- Education: Institut d'optique
- Occupation: Physicist
- Known for: Femtosecond lasers

= Béatrice Chatel =

French physicist, researcher

Béatrice Chatel is a French physicist and researcher specializing in femtosecond lasers. She was awarded an Irène Joliot-Curie Prize in 2005 for her work.

== Life and work ==
In 1993, Chatel graduated from the Institut d'optique Graduate School, sometimes called "SupOptique." She completed her thesis at the Kastler Brossel laboratory and then became a lecturer at the University Toulouse-III-Paul-Sabatier. After a short period at the Applied Optics Laboratory, she began full time research at the Collisions, Aggregates, Reactivity (LCAR) laboratory as a research fellow. Between 2013 and 2014, she was director of the laboratory.

Chatel distinguished herself by developing a laser capable of shaping its pulses in an extremely precise way. Using this tool, researchers can break up molecules in a controlled manner depending on the properties of the laser pulse to which they are subjected.

In addition to her work as a researcher, Chatel was president of the steering committee of the French National Centre for Scientific Research (CNRS) national network of femtosecond technologies, which seeks to promote exchanges among scientific communities that use these lasers. (A femtosecond laser is a beam of light that is sent in pulses that last about one quadrillionth of a second.) Chatel sometimes visits schools to share stories about her work with young people, "especially young girls." She has also worked as a volunteer at a hospital school where she "contrives to distract sick children with her physics lessons."

Chatel was part of the team that created a travelling optics exhibition that became a part of the World Year of Physics in 2005, the same year she was awarded the Irène Joliot-Curie Prize in the young scientist category.

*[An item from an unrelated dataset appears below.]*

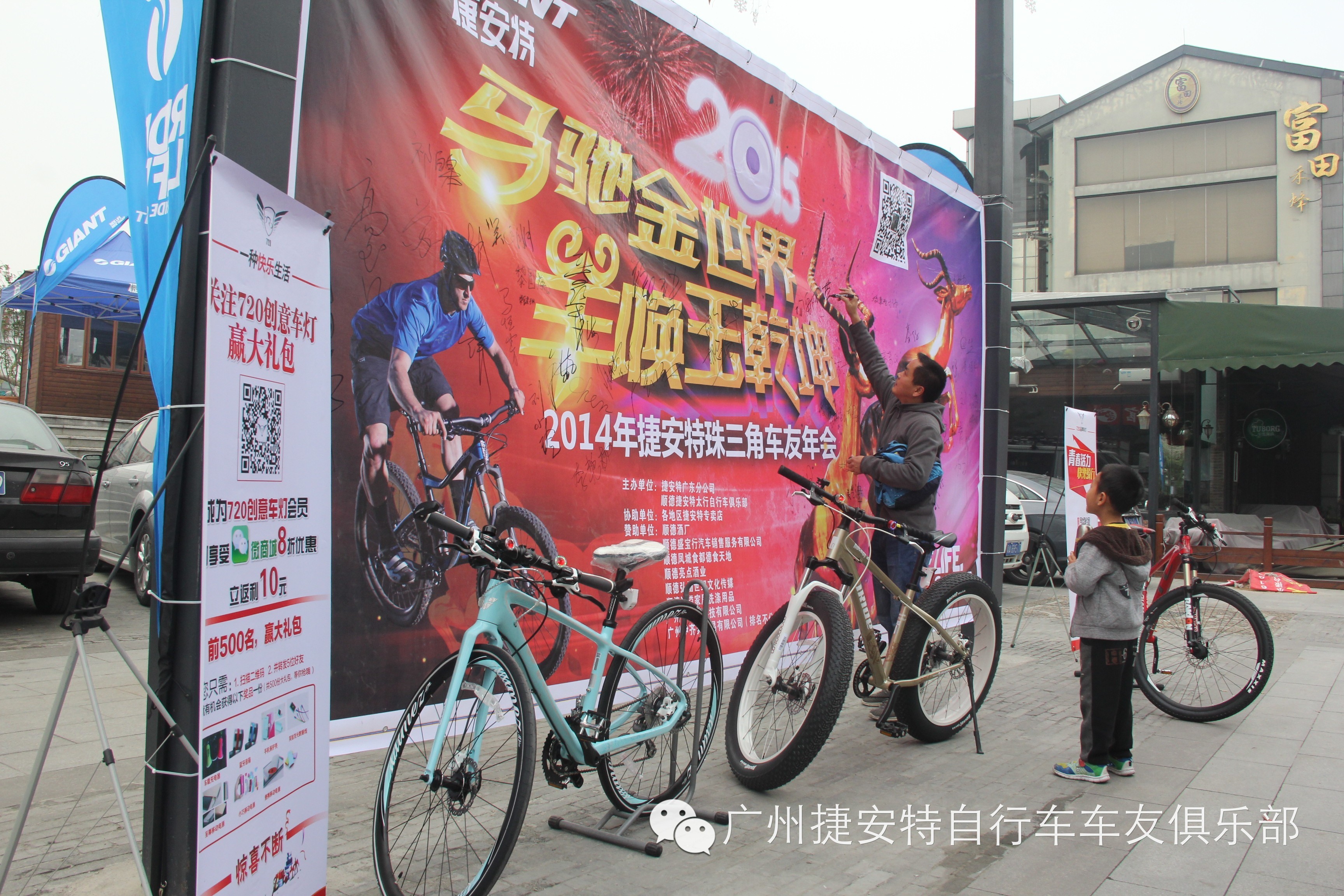 签到墙,捷安特胖胖车、Liv女生单车,还有XTC SLR格外醒目。捷安特——世界好车!伴你快乐向前行。

== Selected publications ==

- Chatel, Béatrice, Jérôme Degert, Sabine Stock, and Bertrand Girard. "Competition between sequential and direct paths in a two-photon transition." Physical Review A 68, no. 4 (2003): 041402.
- Chatel, Béatrice, Jérôme Degert, and Bertrand Girard. "Role of quadratic and cubic spectral phases in ladder climbing with ultrashort pulses." Physical Review A 70, no. 5 (2004): 053414.
- Monmayrant, Antoine, Béatrice Chatel, and Bertrand Girard. "Real time quantum state holography using coherent transients." Optics communications 264, no. 2 (2006): 256-263.
- Chatel, Béatrice, Damien Bigourd, Sébastien Weber, and Bertrand Girard. "Coherent control of spin–orbit precession with shaped laser pulses." Journal of Physics B: Atomic, Molecular and Optical Physics 41, no. 7 (2008): 074023.
- Monmayrant, Antoine, Sébastien Weber, and Béatrice Chatel. "A newcomer's guide to ultrashort pulse shaping and characterization." Journal of Physics B: Atomic, Molecular and Optical Physics 43, no. 10 (2010): 103001.

== Distinctions ==

- 2005: Bronze Medal, CNRS
- 2005: Irène Joliot-Curie Prize, young scientist category.